Fast-rising Dutch actor Gijs Blom embodies this character, and then there is William, an Allied soldier embodied by Jamie Flatters fighting to overthrow the well-established Germans. International cast members include ‘Harry Potter’ star Tom Felton and Theo Barklem Biggs, best known for the first chapter of the spy franchise ‘Kingsman: The Secret Service.’
If one is keen enough, they can’t help to notice that the action constantly loses pace, and the narrative becomes quite challenging to follow at some point and feels like one is watching three different stories as they are all jumbled up. The film also doesn’t have a lot of dialogue, and the story is told through action and history, in fact having more action scenes would have been a pleasant welcome.
The writers led by Paula van der Oest and five others opted for the mosaic storytelling style, which seeks to tell the story in a linear manner, though this limits the time the actors need to develop their characters fully.
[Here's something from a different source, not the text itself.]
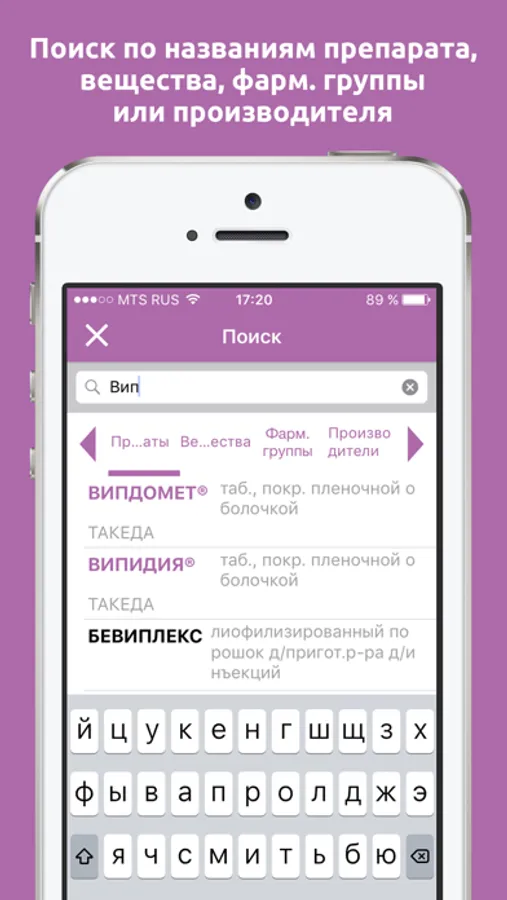 Возможность искать препараты, используемые в эндокринологии, по фармакологическим группам, активным веществам и производителям.

However, this sort of worked, as this doesn’t ruin the overall enjoyment of the movie still, one can’t help to wonder how the movie would have looked like if the three stories were told differently then reunited in a massive finale, kind of like a TV series.
Since it was also meant to educate the young people on a crucial moment in history, the final story was cross-checked and adapted by ancient military personnel to ensure that all aspects of the narrative were factual and correct to the T.
Telling the story using the three different characters creates quite a different angle from the usual us against them scenario witnessed in movies made over the years in this genre. It gives three different perspectives of the same story, which is pretty interesting. ‘The Forgotten Battle’ never portrays false heroism or glorifies the violence of war. Still, it explores in depth the horrors the war inflicted on people from three different viewpoints, in the most realistic and authentic manner. It highlights the fear, the pain, and the loss caused by the infamous battle. It fully puts in the fore the gunfights and the daily life the people endured under the heavy yoke of the Nazis.
The main protagonists in the film neatly forge their way through the narrative, nicely weaving through the different aspects of the story as their paths eventually cross towards the closing of the feature and they are forced to decide on whether to continue fighting each other or form a united front towards a common goal, that is freedom.
The performance by the cast is solid. The cinematography is fantastic. The score marries perfectly into the storyline depicting the various emotions and situations, and the locations that form the backdrop for the movie are stunning.
Overall, ‘The Forgotten Battle’ is a great movie that beautifully combines all the elements of a great film. From excellent delivery to visual aspects as well as the action sequences, it is a movie that could easily pass for a Hollywood production. If one is into war movies or just wants to add onto their historical knowledge, they will appreciate this feature which is not only entertaining but also educative.